The need to adopt new technologies in fish production is more and more manifest [20]. Indeed, new technologies and especially data related technologies have earned one’s spurs in other domains. Industry 4.0 relies heavily on the internet of things, artificial intelligence, cloud infrastructure and big data analytics, forming the big four technologies [21]. The aim is to overcome the challenges discussed above by:

  • Improve accuracy and repeatability in fish farming operations
  • Reduce resource wastage for sustainability
  • Facilitate more autonomous and continuous fish monitoring
  • Increase feed conversion ratio
  • Reduce mortality and sickness rate
  • Reduce dependencies on manual labor
  • Provide more reliable decision support

Through these means, fish health and welfare will improve while increasing productivity and environmental sustainability [22].

Since the fish farming industry generates data continuously, big data technologies will have a huge impact on the way and result of production. A data driven strategy is making data in the center of interest and getting most out of it [23]. Indeed, data driven fish farming systems will not only overcome existing challenges, but will also help identify hidden patterns and correlations, develop actionable insights and predict future needs and trends.

3. Data Driven Strategy for Fish Farming Domain

3.1 Big data in data driven strategies

The concept of data driven strategies has been used in many domains such as marketing, banking, insurance, etc. and it offered an interesting increase of profitability and risks anticipation [24].

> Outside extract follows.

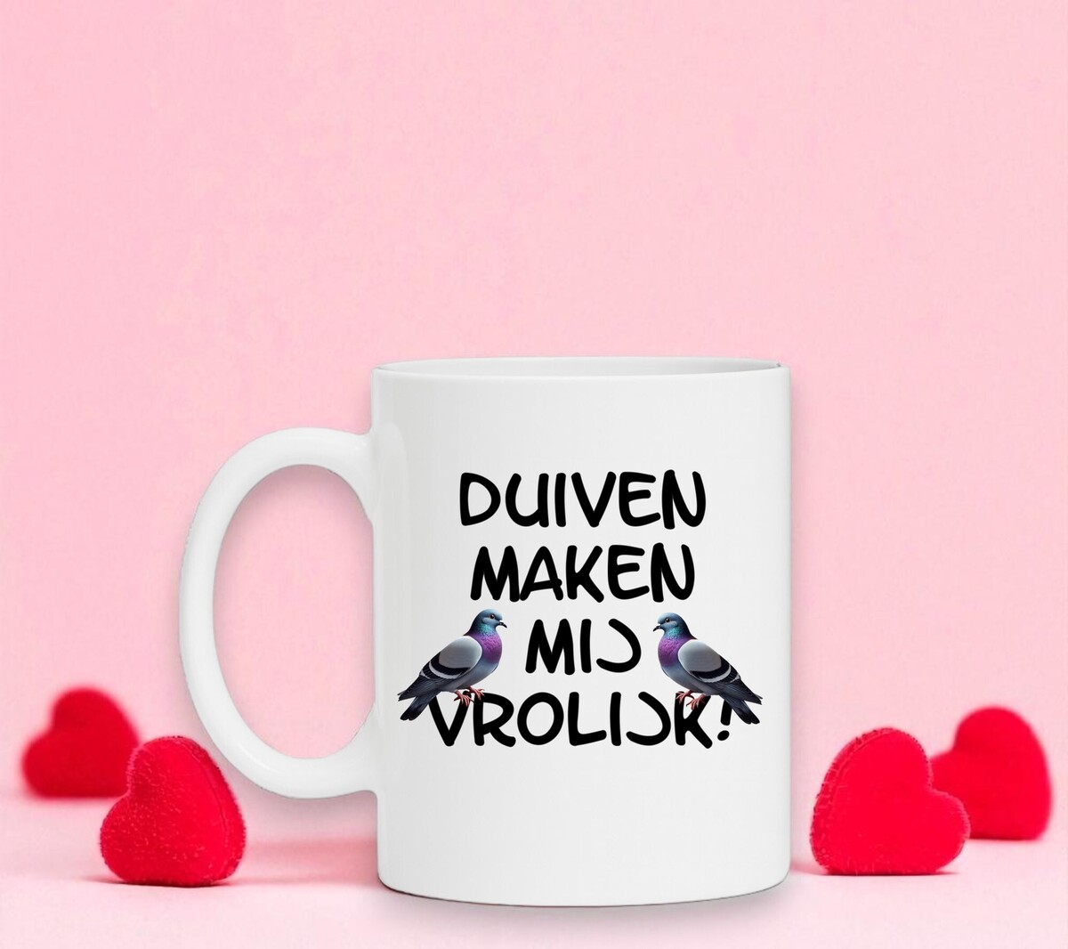 De witte mok is magnetron- en vaatwasserbestendig en heeft een hoogte van 96 mm en een diameter van 80 mm. De inhoud bedraagt ongeveer 330 ml en de keramische coating zorgt voor een duurzame en scherpe opdruk.

The global revenue from the big data market in 2020 is 56 billion U.S. dollars and is forecasted to reach 93 billion U.S dollars in 2027 [6]. In a survey conducted by Statista on over a thousand companies worldwide, 38% respondents adopt data-driven decision-making in 2018. In 2020, the respondents surveyed demonstrated a 12 percent increase in implementing data-driven decision making within their global organizations when compared to 2018 as shown in Figure 1 [25]. This increase will continue as data becomes the center of decision-making worldwide.

Figure 1. Data-driven decision-making in organizations worldwide in 2018 and 2020 [25]

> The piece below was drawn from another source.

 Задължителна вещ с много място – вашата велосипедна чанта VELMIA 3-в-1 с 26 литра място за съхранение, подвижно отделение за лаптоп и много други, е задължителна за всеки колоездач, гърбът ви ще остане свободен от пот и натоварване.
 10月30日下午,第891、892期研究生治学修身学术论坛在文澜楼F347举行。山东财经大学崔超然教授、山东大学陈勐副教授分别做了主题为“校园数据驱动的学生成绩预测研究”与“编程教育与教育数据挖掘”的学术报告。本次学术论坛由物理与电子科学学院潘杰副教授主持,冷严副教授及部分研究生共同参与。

Furthermore, the survey conducted by Statista in 2020 presented in Figure 2, shows the distribution of organizations implementing data-driven decision making. The banking sector led in terms of data-driven decision making within organizations, with 65 percent of respondents indicating as such. Other noteworthy sectors for data-driven decision making within organizations are insurance (55%) and telecom (54%). It has to be noted that the agricultural domain is not present in this ranking, thus it needs to invest more in data-driven decision-making.

Figure 2. Data-driven decision-making in organizations worldwide by sector in 2020 [26]

Big data technologies are defined as a set of software designed to collect, store, process and analyze big datasets with complex structures that cannot be handled by traditional data processing technologies. There are four types of big data technologies for analytical big data: data storage, data mining, data analytics and data visualization. These four types are shown in Figure 3.

Figure 3. Big data technologies by type

3.2 Data management systems

Adopting a data-driven strategy is possible by considering data as the backbone of the domain by making it in the middle so that all the decisions are based on it. To do so, it is necessary to have an adequate data management system capable of handling tremendous amounts of generated data.

At this level, it is imperative to evaluate the different data management systems by shedding light on the key differences, advantages and inconveniences of each one of them, in order to choose the adequate data management architecture allowing an efficient data-driven fish farming strategy.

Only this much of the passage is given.